Сохранять себя - требование для современного человека чрезмерное; оно выглядит скорее как соблазн, как "совращение" на рубеже XX века. "Нормой" современности становится, наоборот, разжижение и растворение человека в "массе"; одноликость и стертость становится моралью этой "нормы". Сам строй человеческой души поворачивается в сторону "неузнавания" в человеке его Я; "душевность" обретает качество стадного блеяния, к которому прилипают понятия "доброты", "справедливости", "прогресса". Человек душевноослабленный ничего так больше не желает для себя, как "спасения" в виде того или иного душевного ориентира; и дело тут не в проверке истинности содержания "ориентира", а в силе опьянения им, в силе принятия его "на веру".

Терапией человеческой души выступает на исходе ХIХ столетия изобретенный Ницше "концентрат" воли к власти. Ницше "изобретает" это противоядие омассовлению сознания с единственной целью: помочь себе вынести всепожирающий дух "авторитета" и "производства", этот ариманический "дух тяжести". В этой "терапии" Ницше поворачивает пессимизм Шопенгауэра вспять, к вопению как жизнеутверждению. Воля к власти рассматривается Ницше как первый атрибут человеческого Я: как некий "способ существования" Я. Концентрируясь в человеке, воля к власти пропитывает собой жизнь в целом, становясь показателем ее "жизненности".
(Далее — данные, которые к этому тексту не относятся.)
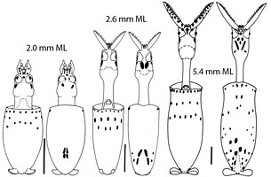 Paralarvae illustrated below show changes in form and chromatophore patterns with growth.
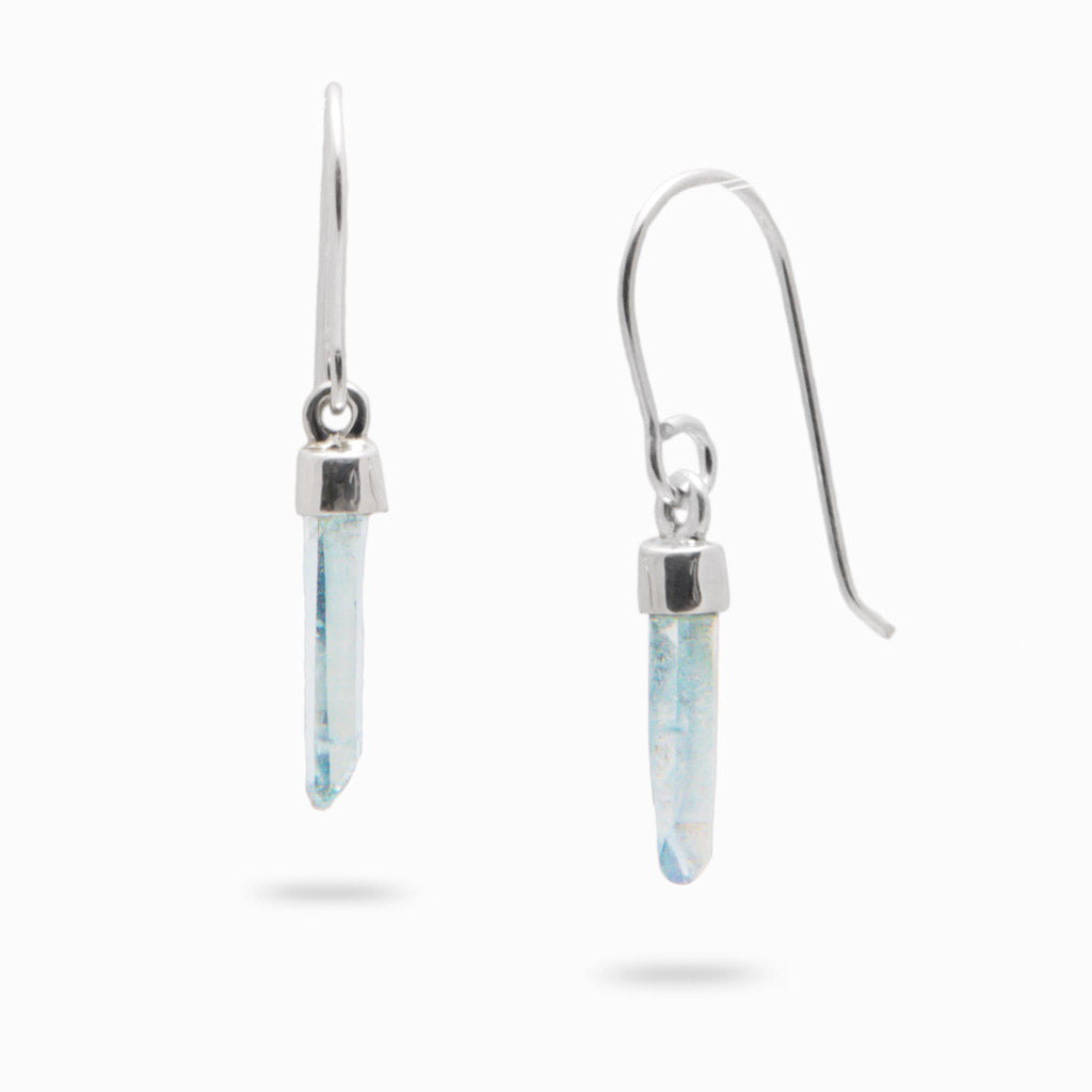The vibrant blue color and iridescent sheen on each raw quartz crystal are thanks to a microscopic layer of pure gold particles. Use the contrast of light blue color and raw crystal beauty to your advantage when styling up this gem. These Aqua Aura earrings can support meditation and rejuvenate the mind, body, and soul.

Ницше "изобретает" не теорию, не систему строго выверенных доказательств, - такого рода "научность" ему не свойственна. "Мои сочинения суть рыболовные крючки" (23), - пишет он, уже поймав современность на крючок "воли к власти". Ничто так не подходит для "ловли" умов, как гипотеза; и Ницше весело предлагает: "... допустим, что удалось бы объяснить... нужно рискнуть на гипотезу..." (24). И это - все! В дальнейшем идет просто употребление гипотезы "воли к власти" в качестве аксиомы, в качестве раз и навсегда "увиденной" истины. Этот случай принятия гипотезы за аксиому сам по себе не оригинален; совсем другое дело - как Ницше увидел конфигурацию этой аксиомы. Это скорее предчувствие, внутреннее ощущение истинности: "мы приобрели бы себе этим право..." - полувопросительно заключает Ницше. И на такой "бездоказательной", с точки зрения современной ему научности, основе Ницше возводит здание своей истины. Ницше дает себе право судить об истинности вещи в полном одиночестве; современность борется с этим его правом. Процессы омассовления человека ослабляют и стирают в человеческой душе способность суждения; Ницше делает эту способность "динамитом" понятливости. Гипотеза "воли к власти" взрывает ум современника: слабые души лежат в руинах, сильные строят на этих руинах.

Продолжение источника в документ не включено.